Yes, it can! No matter how lowly or off-topic you think your internship was, you have still learned things that will be of value to future employers. It’s all in how you look at it … and present it when marketing yourself.
If you lucked into an internship where you received relevant training and opportunities to contribute meaningfully to the company’s operations, then you will certainly make the most of that on your resume and in your next job.
But even the most mundane task can sound impressive if you add the right details. Of these two resume entries, which person would you hire?
Helped with warehouse restocking.
Handled restocking of 25,000 sq. ft. warehouse which shipped more than 5,000 items per week to all 50 states and 14 countries.
If you said B, you’re right. This version tells recruiters that you have learned how to handle a fast pace and high work volumes — and that’s much more valuable than the task itself.

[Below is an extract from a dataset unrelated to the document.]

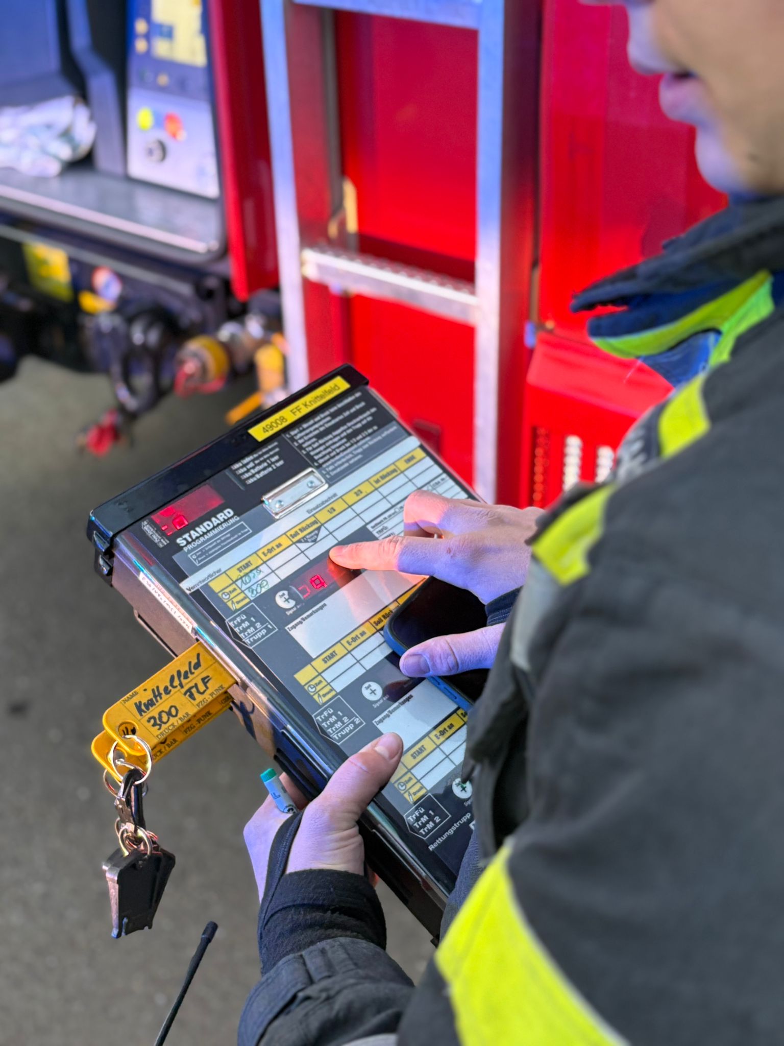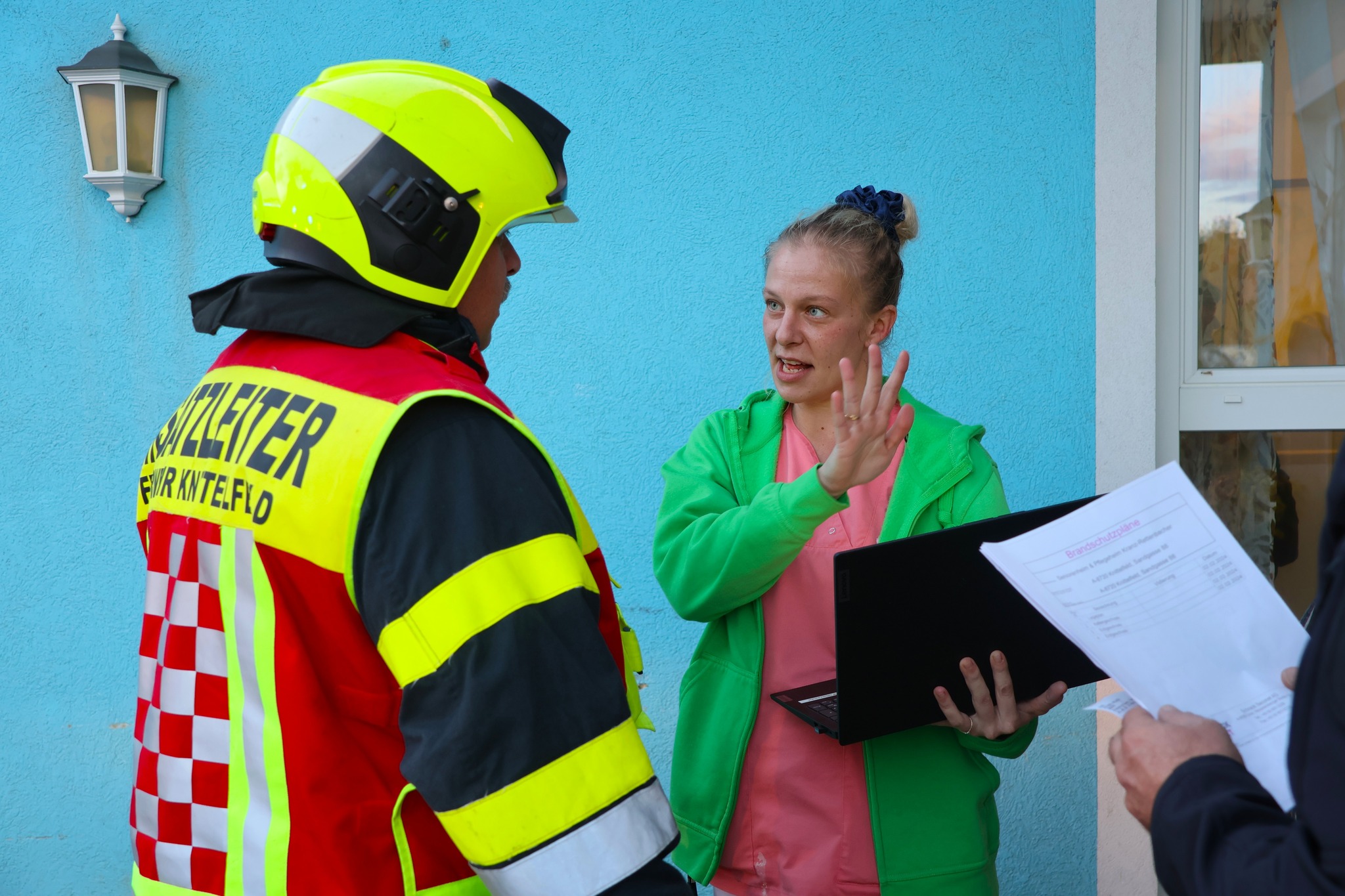 Bereits auf der Anfahrt rüsteten sich die Atemschutzträger aus, um beim Eintreffen sofort eingreifen zu können. Eine Pflegekraft des Hauses empfing den Übungseinsatzleiter und übergab wichtige Informationen zur Lage.

For many interns, this is their first experience of working in a team where they are expected to put the company’s benefit ahead of their own personal interests. You learn how to fit in with the corporate culture, interact with a variety of different personalities, and meet people at all levels of the organization.
Good communication skills, teamwork experience and being a cultural fit are all high priority traits that employers look for in job applicants.
Being good at your job is only half the story for most employers. They also want someone who’s good at being an employee: coming in on time every time, taking direction well, being willing to go the extra mile when the team is in a jam. In short, someone who’s a good value for the money they’re paying.
If you learned and practiced these skills during your internship, it will pay off big when it comes time for your supervisor to write that letter of recommendation. And remember, this supervisor — as well as everyone you worked with during your internship — should be kept in touch with as part of your professional network after you leave. You never know when one of these contacts might lead you to your dream job.